Construction machinery is used in renovating, reconstructing and extending buildings, for example. Wall saws are used for cutting and extending openings for doors, windows and light wells, etc., corrective work on facades, partition walls and garden walls, etc., and controlled demolition of concrete. Wall saws and similar construction machinery have a prime mover, such as a motor, and a rotary tool driven by the motor.
A wall saw usually includes a rack, i.e. a toothed bar or rod, intended to be attached to and equidistantly spaced from the wall, which is to be sawed through. A carriage carries a drive motor for the circular saw blade and is movable along the rack by means of another motor. The saw blade is mounted at the free end of a pivotal arm attached to the carriage and housing a transmission for transferring the rotation of the drive motor shaft to the saw blade. The pivotal arm, or transmission housing, is swung toward and away from the wall by a third motor.

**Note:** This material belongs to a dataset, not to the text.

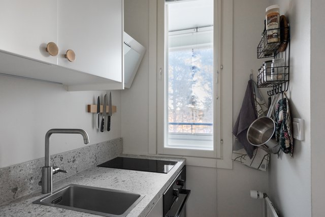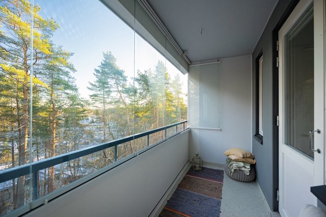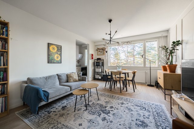 Siistinä pidetty remontoitu huoneisto, jossa loistava pohjaratkaisu. Tyylikäs harmaan sävyinen kylpyhuone on uusittu, keittiö on tätä päivää ja yhtenevät vinyylilattiat kiertävät ympäri asunnon. Olohuoneen yhteydessä ylimääräinen tila liukuovella, joka toimii loistavasti etätyöhuoneena tai vaatehuoneena. Lasitettu parveke toimii kivana aamukahvipaikkana aamuauringon suuntaan. Sana moderni kuvaa hyvin tätä asuntoa!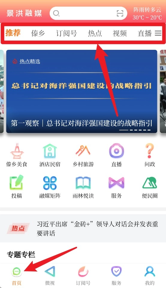 1. 轻点“首页”,即可浏览推荐、热点、视频等本地资讯以及生活服务入口。

In a wall saw, the tool is a circular saw blade equipped with cutting diamond segments. Generally, heavy duty wall saws are driven hydraulically, see U.S. Pat. No. 6,955,167 B2, US 2006/0201492 A1, US 2007/0163412 A1, and U.S. Pat. No. 5,887,579, for example. However, hydraulic wall saws are comparatively heavy and not easy to set up, and comparatively low-weight electric wall saws, such as the one disclosed in US 2006/0189258 A1, for example, have been introduced on the market.
In US 2006/0189258 A1 the saw process is at least partly automated by using a control program that is realized with programmable control means, displacement sensor, and pivot angle sensor.